— Это почему же? — поинтересовался Ломтик.

— Я тут смахлевал: чтоб ему меньше досталось. А то сердце у него…

Ломтик явно хотел высказаться, но ожидал, пока кто-то еще скажет. Все, однако, молчали.

Севка проговорил раздумчиво:

— Верно, все-таки не зря шумели. В этом шуме Мишка Песков и проявил характер.

— Значит, Севка, нужно обязательно в какую-нибудь пакость влезть, чтобы проявить характер? Так по-твоему? — закричал Ломтик.

Сева ответил односложно:

— По-разному бывает.

— А вот я… — начал вдруг из своего угла Генка и умолк.

— Давай, давай, чего ты? — Ломтик смешливо обратил к нему лунообразное лицо.

— У меня отец тоже давить любит. Сначала все в суворовское меня налаживал. Ну, я отбрыкался. Теперь свой приказ мне объявляет: будешь готовиться к экзаменам в строительный. Почему именно в строительный? А потому, видите, что летом в школьном стройбатальоне я дважды был отмечен как выдающий…

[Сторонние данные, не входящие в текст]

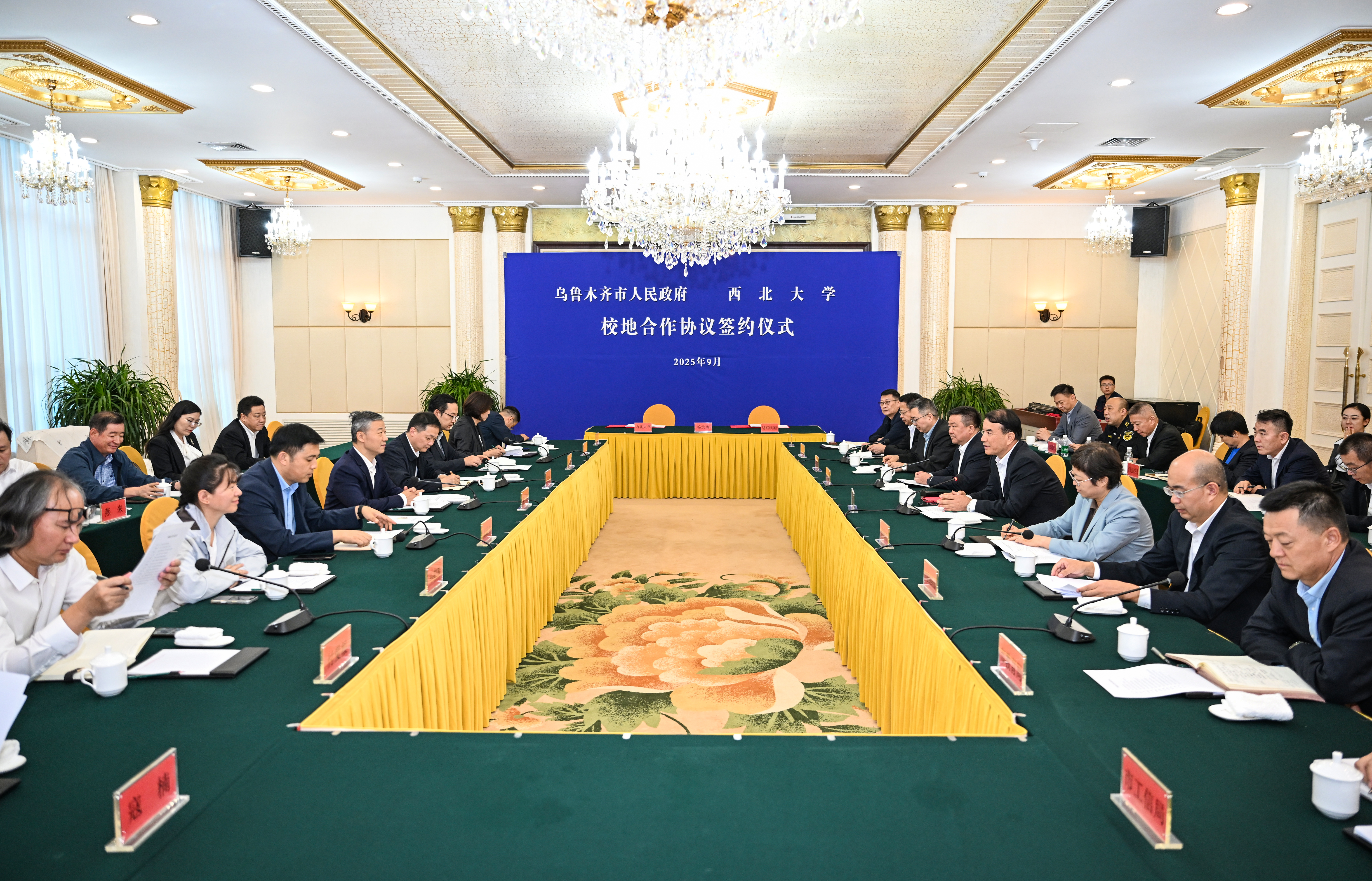 蒋林介绍了学校的整体情况。他表示,学校与乌鲁木齐市人民政府签订校地全面合作协议,是完整准确贯彻新时代党的治疆方略,推动双方事业高质量发展的重要举措,学校将以此次签约为契机,与乌鲁木齐紧密携手,开展全方位、深层次、高水平的校地合作,特别是在人才培养与交流、文化润疆工程、打造“产学研用”协同创新共同体、提供高水平智库支持等方面重点发力,持续为乌鲁木齐社会经济发展贡献西大力量。他指出,本次校地合作协议的签署,标志着双方合作开启了新的篇章,学校将与乌鲁木齐市相关部门密切沟通、高效对接,推动协议各项内容有序推进、落地生根,取得丰硕成果,实现互利共赢、共同发展。

— Выдающийся! — поправил Ломтик.

— А чего было не выдаваться, когда там все слабаки собрались? И если бы у нас не стройбат был, а на картошку послали бы, я бы так же втыкал… Значит, он меня в совхоз определил бы? «Нет, говорю, не хочу в строительный». Смотрю, он уже заводится: «А чего твоей душеньке угодно?» «Да я еще не знаю, говорю». Я же — по правде… А он сразу: «Как это у вас происходит? Чтобы не иметь ни к чему стремления!»

— Видите: «у вас» — уже обобщение… — усмехнулся Сева. — А ты что?

— Я молчу…

— Ну ясно: раз нет «стремления» — не придумаешь ведь, — поддакнул Ломтик.

— А тебе правда никуда не хочется? — спросил Сева, с интересом оглядывая худущую фигуру Генки с неидущими ему кудрями.

Генка замялся:

— Насчет «стремления» не скажу… но одно дело я люблю. И оно у меня идет. Люблю с ребятами возиться.

— Педагог! Надо же! — громко удивился Ломтик.

— Ну, не знаю, педагог ли… Но вообще, они меня слушают. Мне даже на педсовете благодарность объявили: за первый класс «Б»…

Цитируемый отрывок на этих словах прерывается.